InspiringLight said:


> I will look into posting her on the adoptable forum. I'm so glad I found this place on the internet! Thanks again.


_ have moved this thread to the adoption forum, thank you._


----------



## Howard Nye (Oct 14, 2009)

*E-mail re. Gracie*

Hi there,

I just wanted to say here that I sent you an e-mail about Gracie. I might very well be able to provide her with a home. 

Best!
Howard


----------



## InspiringLight (Jun 5, 2012)

Hi Howard,
Please forgive my delay in getting back to you. I had found a holistic vet here in Vegas that cares for injured pigeons but it took her a day to get back to me.

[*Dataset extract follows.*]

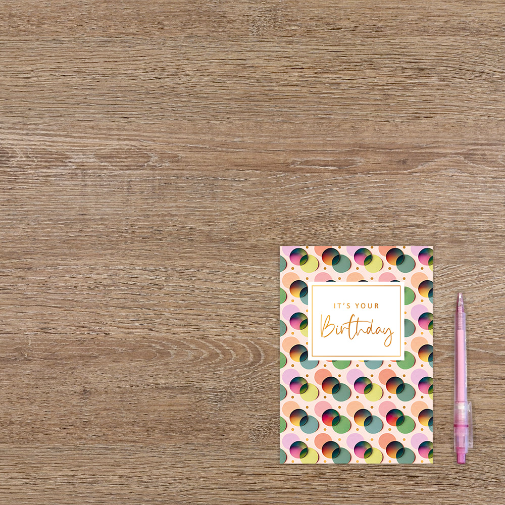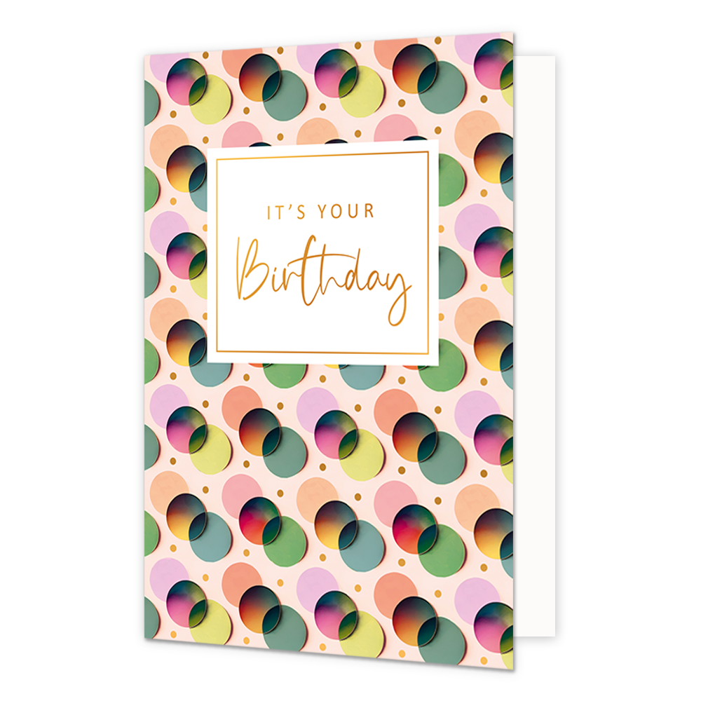De wenskaart heeft een afmeting van x en een liggende vorm. Op deze wenskaart zijn stippen te zien in de kleuren lila, orangje, groen, blauw en rood. In het midden zit een wit blok met de gouden tekst: "It's your birthday". De binnenzijde van de wenskaart is blanco wat voldoende ruimte geeft om een persoonlijke boodschap te schrijven .

I had set up posts all over the internet and called many people in hopes of placing Gracie in good hands. I do hope you understand, as I am hopeful that this vet might get Gracie placed back into the wild, where she truly belongs. She also gave me comfort in knowing that she will keep Gracie as her own if she is untreatable. She has five pigeons of her own that she cares for now, along with a menagerie of other animals. At this point I feel this is a better path to take on behalf of Gracie. I still have hopes that she may fly again and I would hate to be the one to take that chance away from her. Thank you so much for your kindness and for being willing to go to such depth to give Gracie a good home. I truly appreciate that. I do hope that you are soon able to find the perfect female companion for your two boys! I wish you and your boys the Best! 

Take Care.


----------



## Howard Nye (Oct 14, 2009)

*Wonderful!*

I'm so glad to hear that Gracie has a real chance at being releasable, and failing that that she has a great forever home there in Las Vegas! Yes, this is CLEARLY the best path to take for Gracie, and it's wonderful news that it's available. 

Best,
Howard


----------